The actual question at hand, though, is actually a well-known math problem, modeled on the basic logic outlined above. It’s called the Galton-Watson process. The other examples given for recent, numerous names include Thailand (from 1920), Japan (from the Meiji Restoration), the Netherlands (from Napoleonic era). These countries have tens of thousands of family names. Other examples of old names where there are few variants include China and Vietnam. Vietnam is particularly striking because one name (Nguyen) absolutely dominates (40% of the population), and 60% of the population has one of the three most popular family names. Wikipedia says there are only approximately 100 Vietnamese last names (Korea has ~280). One article that Wikipedia cites says there are ~ 3,100 names currently in use in China , but we have records of ~12,000 being used historically for another place with a long history of family names (the top 200 names cover about 96% of the population). I’m no expert in China, but Chinese family names were in use at least among the elites at least by the Han Dynasty (206 BCE – 220 CE), quite possibly some emerged earlier. I’m not sure at what point everyone had a family name. European family names, on the other hand, only emerge in the last 500 or so years. Which is to say, we have mathematical (the Galton-Watson process), statistical (the cross-national association), and historical (the evidence we have of extinctions of specific surnames) demonstrations that yes, just as you supposed, surnames go extinct overtime.
I found some pieces with British surnames that have recently gone extinct recently or are quite close to doing so. Apparently, the way the UK census is reported, it’s relatively easy to keep track of these things. Sources: My Heritage blog, Telegraph, Daily Mail.

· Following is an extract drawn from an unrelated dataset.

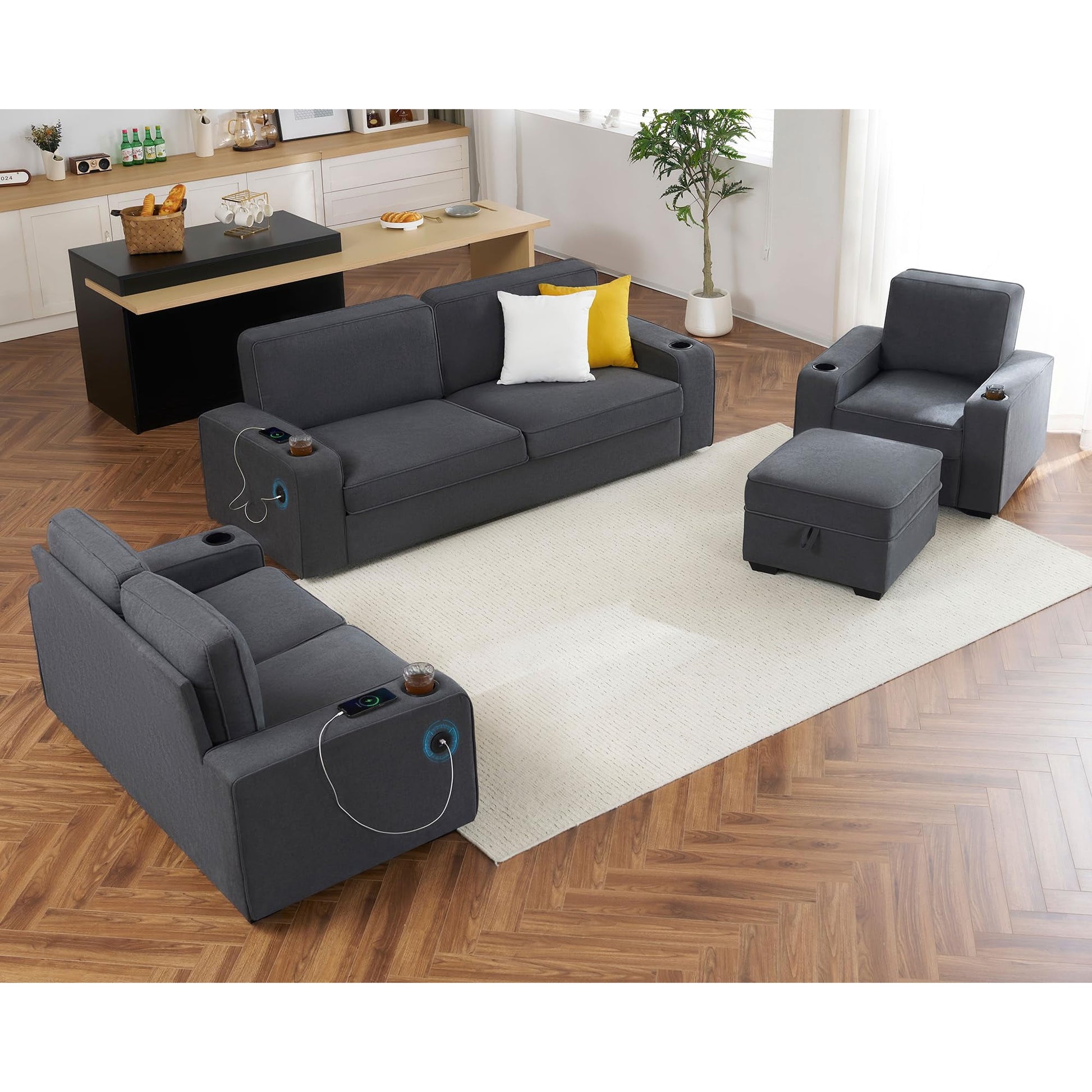 Sofa, Modern Couch with Deep Seat, Ottoman Sofa- Comfy Couch for Living Room Apartment(Charcoal Grey Chenille)

Some of these rare and extinct names might only be so in the UK, but may well still exist in places with a lot of British immigration, like the United State or Australia. Some of the lose popularity not just from entirely natural processes, but people changing archaic spellings and names with strange associations (like Puscat or Bythesea), or ones that lead to confusion (like William, rather than Williams). I believe the names recorded as “extinct” actually just have fewer than five people carrying them in the UK (and for privacy reasons are then left out of the data).
Extinct in the UK: Bread, MacCaa, Spinster, Pussett, Puscat, Pussmaid, Bythesea, Bytheseashore, Foothead, Bythewood, Pauncefoot, Mackmain, De Rippe, Chips, Hatman, Temples, Raynott, Woodbead, Nithercott, Rummage, Southwark, Harred, Jarsdel.
Rare or threatened: Sallow, Fernsby, Villin, Villan, Miracle, Dankworth, Relish, MacQuoid, Loughty, Birdwhistle, Berrycloth, Culpepper, Tumbler (lol) (all under 20 individuals), Mirren, Nighy, Bonneville, Febland, Grader, Pober, Gruger, Carla, Fernard, Portendorfer (under 50), Ajax, Edevane, Gastrell, Slora, (all under 200), Rowbree, Doogood.
The Daily Mail notes that 200,000 surnames that were on the 1901 census of England and Wales were not on the 2001 census of England and Wales. Some of that is people with rare names (especially foreign ones) leaving the area (some perhaps just going as far as Scotland or Ireland); some of that is names dying off naturally as discussed; some of that is people changing their names. The article notes that Helen Mirren’s father, for example, was born “Mironoff” before changing it in the 1950’s.